* _Source material_:
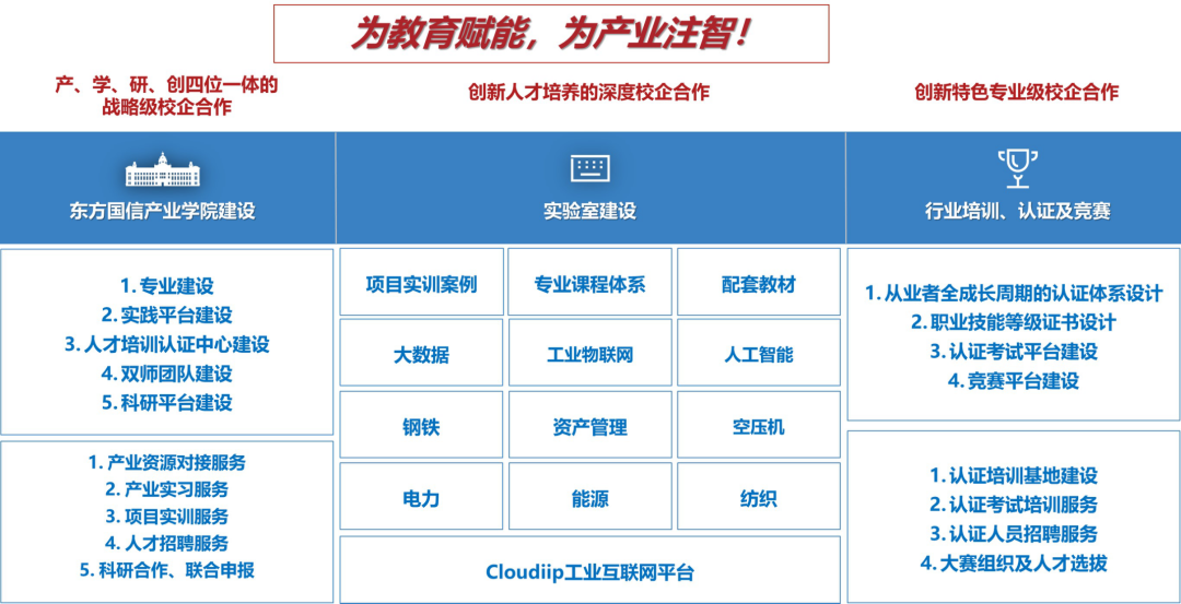 在全社会都亟需提高大数据素养的强烈需求与环境背景下,东方国信以产业化公司的核心定位,不断赋能产教融合实践,将产业化实践过程中积累的技术、方法、案例、产品进行赋能,通过岗位能力倒推课程与培训内容的逻辑真正帮助学校培养产业所需要的数字技能人才。
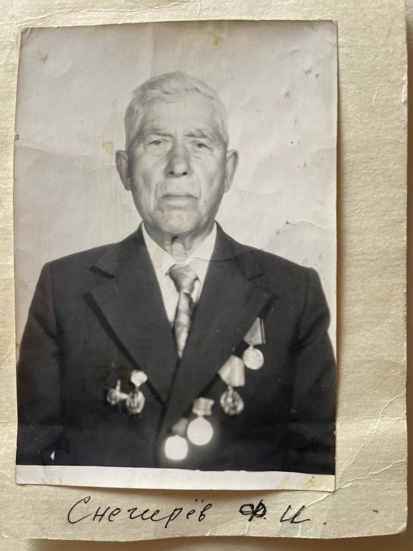 Снегирёв Фёдор Ильич, родился в 1902 году в небольшой деревне Малая Ивановка Щигровского уезда Курской губернии в крестьянской семье Ильи Степановича и Елены Ивановны Снегирёвой, вторым из пятерых детей. Фёдор Ильич рассказывал о своих родителях младшему сыну, что они были простыми крестьянами, которые всю жизнь пахали, имели одну лошадь, плели лапти, жили при лучинах. После службы в армии, Фёдор Ильич покинул родную деревню и перебрался в город Сумы, где работал в милиции, дослужившись до звания капитана. К началу ВОВ Фёдор Ильич с супругой и двумя детьми проживал уже в Черемисиновском районе Курской области (возможно в с. Старые Савины), откуда в сентябре 1941 года и ушёл на фронт, где воевал в составе 217-й стрелковой дивизии. Ему суждено было пройти долгий военный путь от родной Курской области до освобождения Польши. Во время ВОВ он несколько раз был ранен, но всё равно возвращался в бой, героически защищая своё Отечество. Приказом от 14 января 1945 года Фёдор Ильич Снегирёв был
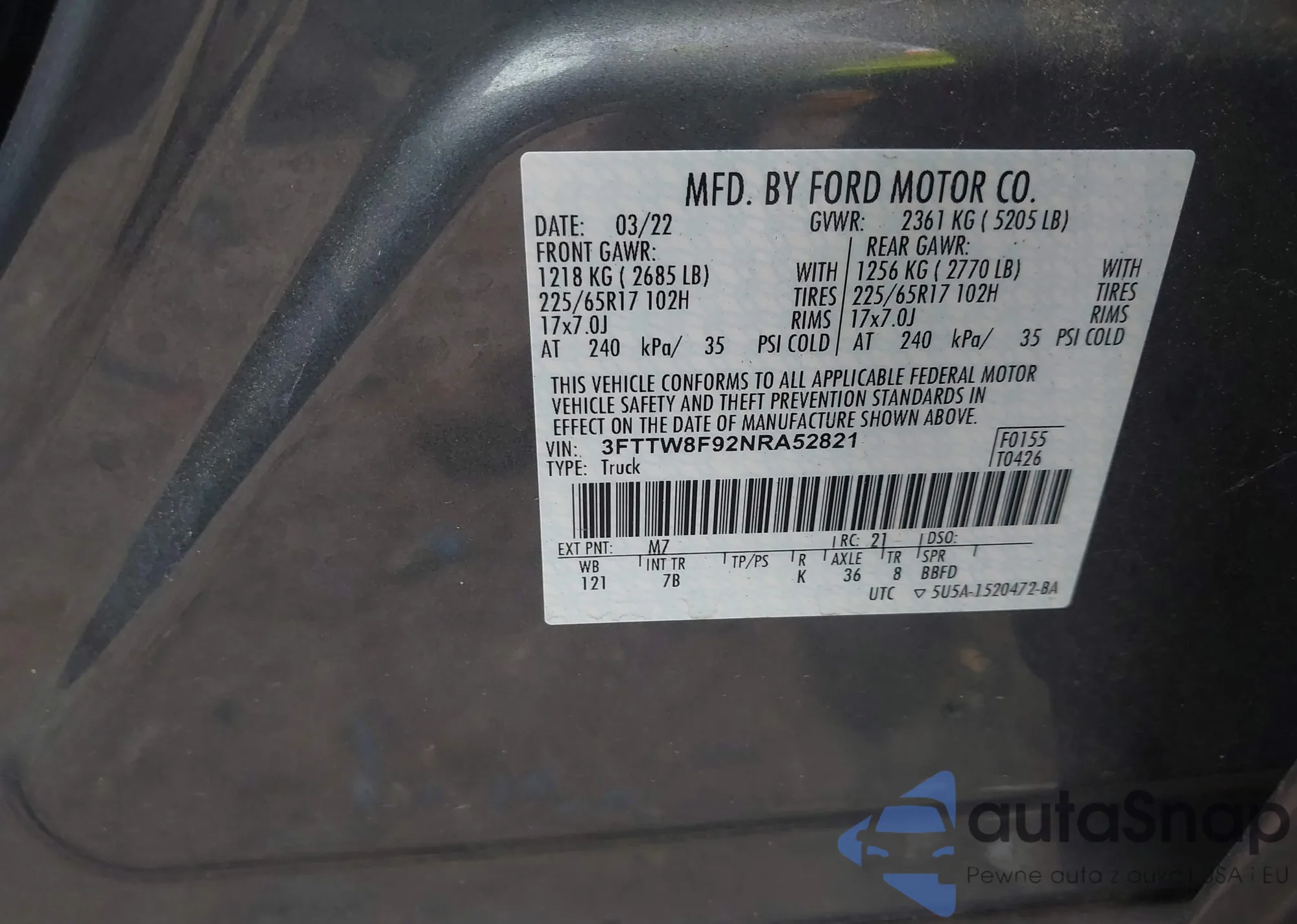 LOT: 42876519 VIN: 3FTTW8F92NRA52821

* _Task objective_:
Where pictures occur in the material above, omit them and return everything else exactly.

* _Output for this task_:
 在全社会都亟需提高大数据素养的强烈需求与环境背景下,东方国信以产业化公司的核心定位,不断赋能产教融合实践,将产业化实践过程中积累的技术、方法、案例、产品进行赋能,通过岗位能力倒推课程与培训内容的逻辑真正帮助学校培养产业所需要的数字技能人才。
 Снегирёв Фёдор Ильич, родился в 1902 году в небольшой деревне Малая Ивановка Щигровского уезда Курской губернии в крестьянской семье Ильи Степановича и Елены Ивановны Снегирёвой, вторым из пятерых детей. Фёдор Ильич рассказывал о своих родителях младшему сыну, что они были простыми крестьянами, которые всю жизнь пахали, имели одну лошадь, плели лапти, жили при лучинах. После службы в армии, Фёдор Ильич покинул родную деревню и перебрался в город Сумы, где работал в милиции, дослужившись до звания капитана. К началу ВОВ Фёдор Ильич с супругой и двумя детьми проживал уже в Черемисиновском районе Курской области (возможно в с. Старые Савины), откуда в сентябре 1941 года и ушёл на фронт, где воевал в составе 217-й стрелковой дивизии. Ему суждено было пройти долгий военный путь от родной Курской области до освобождения Польши. Во время ВОВ он несколько раз был ранен, но всё равно возвращался в бой, героически защищая своё Отечество. Приказом от 14 января 1945 года Фёдор Ильич Снегирёв был
 LOT: 42876519 VIN: 3FTTW8F92NRA52821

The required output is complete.